Eles ainda não chegaram ao espaço, mas já colocaram Minas Gerais bem perto dele. Durante os dias 02 a 05 de setembro, a Fênix Estudos Astronáuticos vai competir na 7ª edição da Latin American Space Challenge (LASC). A equipe, que representa a Universidade Federal de Minas Gerais (UFMG) em competições nacionais e internacionais na área do foguetemodelismo, participará de duas categorias ao longo da competição neste ano de 2026.
A equipe, formada por cerca de 50 alunos da graduação, em sua maioria do curso de Engenharia Aeroespacial, conseguiu um dos resultados mais expressivos da história da universidade no desenvolvimento de projetos em 2025, com um foguete na categoria de 3 KM. Agora, os alunos apostam em uma nova categoria, 1km Solid Propulsion, com uma grande inovação: a introdução de um freio aerodinâmico no sistema do foguete, denominado Harpia.
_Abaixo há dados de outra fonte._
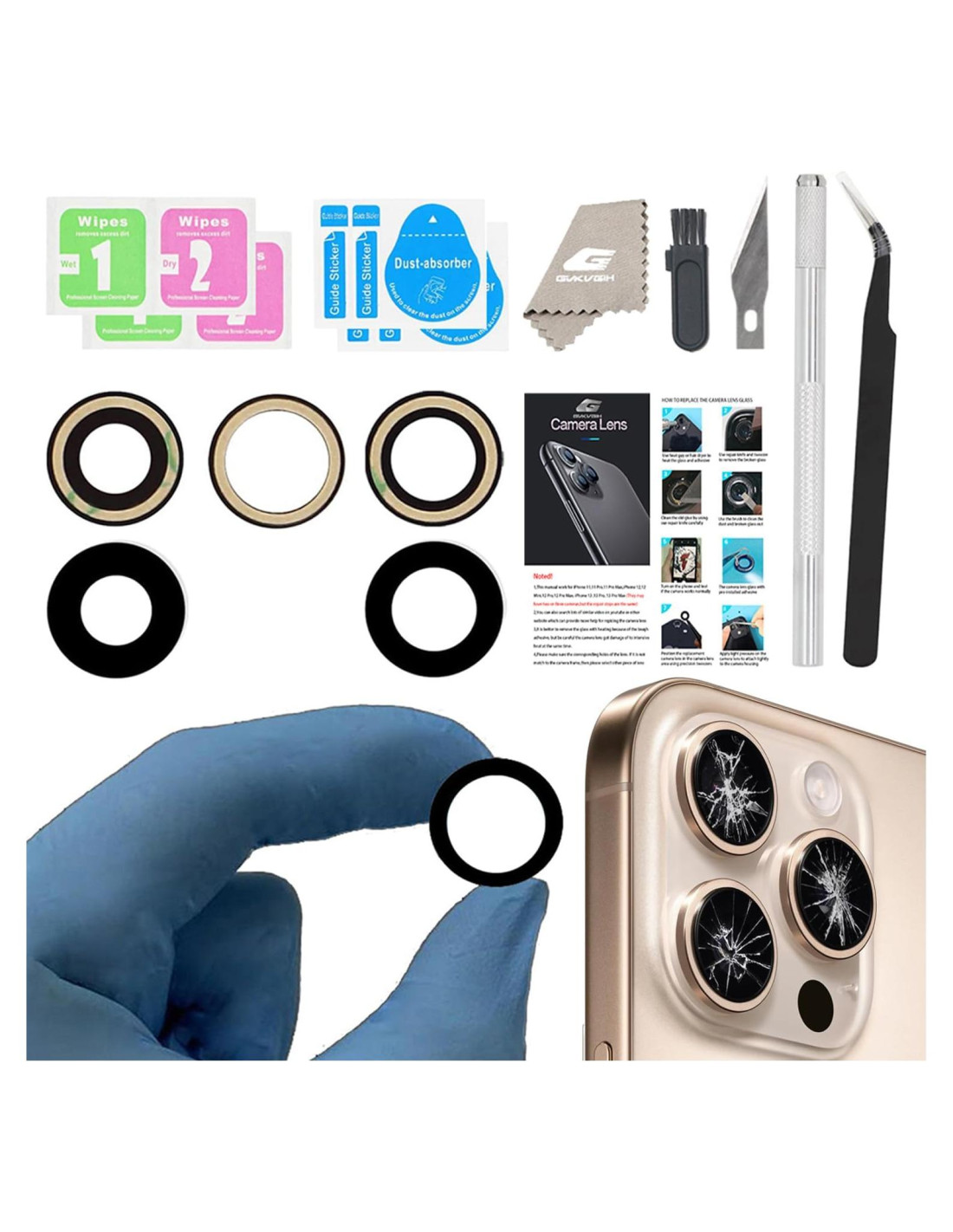 - [Reemplazo Más Fácil] El artículo incluye todas las herramientas de reparación profesionales que necesitas durante el reemplazo. No es necesario desensamblar tu teléfono. El cristal de la cámara viene con adhesivo de doble cara original, sigue nuestro Manual de Instalación paso a paso para completar el proceso de reparación más rápido.
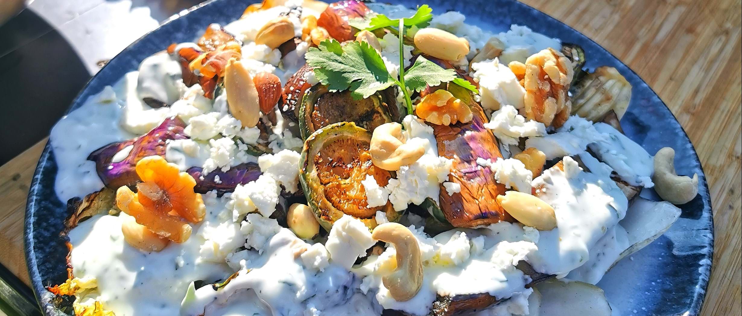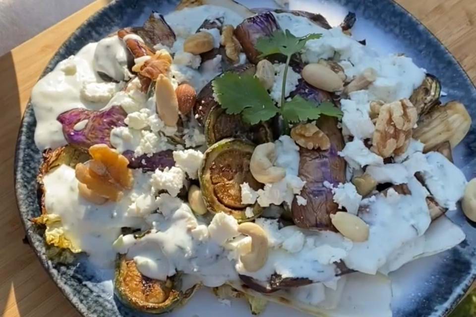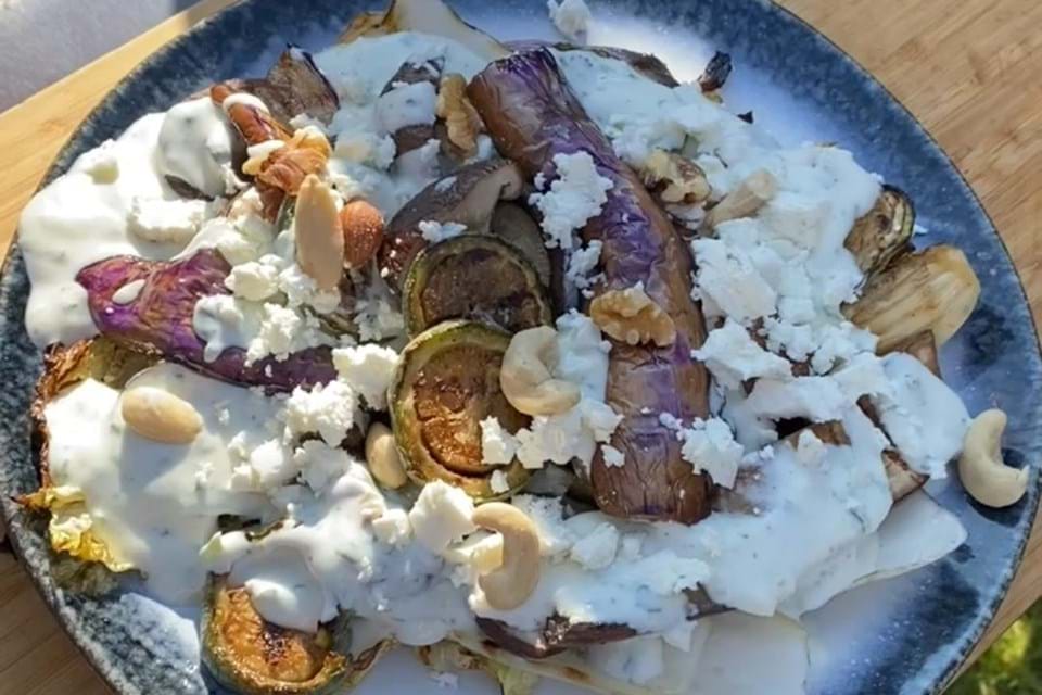 Geniet van je zonnige dag met onze gezonde en super lekkere Aziatische Mediterraanse gegrilde salade.

De acordo com a equipe, essa tecnologia será incorporada como um módulo integrado ao foguete e sua atuação ocorrerá durante a fase de subida não propulsada ao longo do voo. A exposição de tais superfícies ao escoamento possibilitará o aumento da resistência do ar (arrasto aerodinâmico) e reduzirá a velocidade da aeronave sem alterar significativamente a sustentação da mesma, o que possibilita uma maior precisão do apogeu atingido pelo foguete.
Os universitários ainda vão manter a inscrição na categoria de 3KM, agora com uma versão aprimorada e revisada do projeto que já foi premiado anteriormente, batizado atualmente como TUCANO II.
O projeto universitário que ganhou uma premiação internacional
Batizado de “Tucano”, o foguete que levou a equipe à premiação de 2025 é resultado de meses de desenvolvimento técnico e trabalho colaborativo. O projeto envolveu desde a modelagem e simulação de voo até a construção da estrutura, integração dos sistemas eletrônicos e testes de segurança e recuperação.
Após 19 meses de trabalho, incluindo voos testes onde o projeto alcançou 1000 km em 2,4 segundos, o foguete alcançou um apogeu de 3.142 km em um voo nominal, que retornou à base em perfeita segurança. O foguete levava a bordo um satélite em parceria com outra equipe de competição da UFMG, responsável pela produção e desenvolvimento do equipamento, a Czar Space.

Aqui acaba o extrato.